Publicado 06/07/2026 • 14:04 | Atualizado há 9 horas

KEY POINTS

  • Exportações dos EUA impulsionam compras de carne brasileira pela Argentina e reforçam integração regional.
  • Menor rebanho bovino americano amplia demanda por importações e sustenta preços elevados.
  • Dependência da China segue como principal desafio para as exportações brasileiras.

A combinação de menor oferta de gado nos Estados Unidos, alta dos preços da carne e aumento das importações está reorganizando o mercado internacional da proteína bovina, afirmou Isabella Camargo, analista de mercado da HN Agro.

Em entrevista ao Times Brasil – Licenciado Exclusivo CNBC nesta segunda-feira (6), ela apontou que a redução do rebanho americano decorre de fatores climáticos, do ciclo pecuário e de restrições sanitárias para a entrada de animais vivos do México, obrigando o país a ampliar as compras externas. “Os Estados Unidos vêm com o menor rebanho de décadas.
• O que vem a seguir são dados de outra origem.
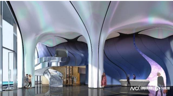 △大堂及大堂吧以海邊“天幕”為靈感,讓極具活力的海邊“天幕”融合海岸線的張力,營造出極具生命力的舒適樂享空間。全海景的酒店建筑呈現(xiàn)出流暢自由的弧形結(jié)構(gòu),運用金屬、玻璃等不同材質(zhì)構(gòu)建出了極具未來感的風格立面,與相鄰的海洋館遙相呼應。
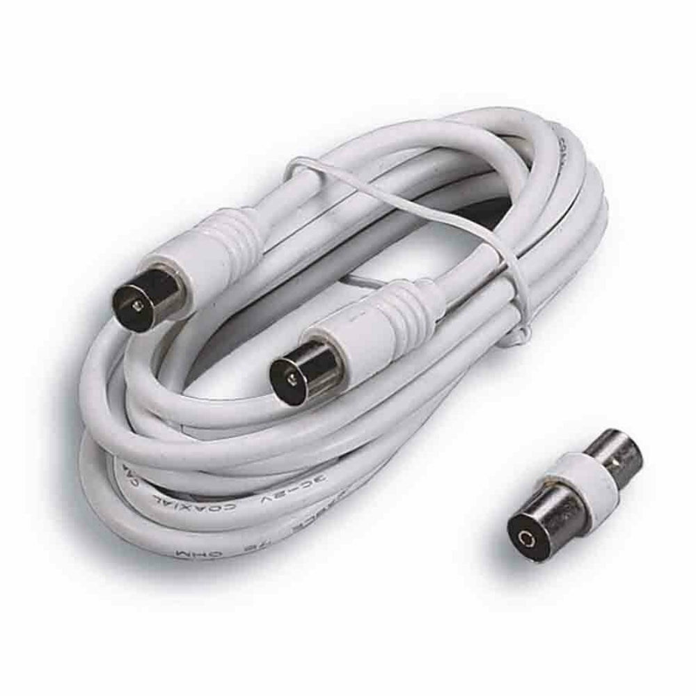 This extension cable for a TV antenna is 5 meters long and comes with an adapter for connection. This allows you to easily extend the reach of your antenna to improve reception and signal quality. Simply plug one end of the cable into your antenna and the other end into your TV or tuner to enjoy better reception and more channels. The adapter ensures compatibility with most standard connections.

Com isso, há um menor volume de animais sendo abatidos, uma menor produção e alta nos preços da carne, o que acaba pressionando a inflação“, explicou.

Nesse cenário, os Estados Unidos ampliaram a cota de importação de carne bovina da Argentina, enquanto também seguem aumentando as compras do Brasil, hoje o segundo principal fornecedor da proteína ao mercado americano.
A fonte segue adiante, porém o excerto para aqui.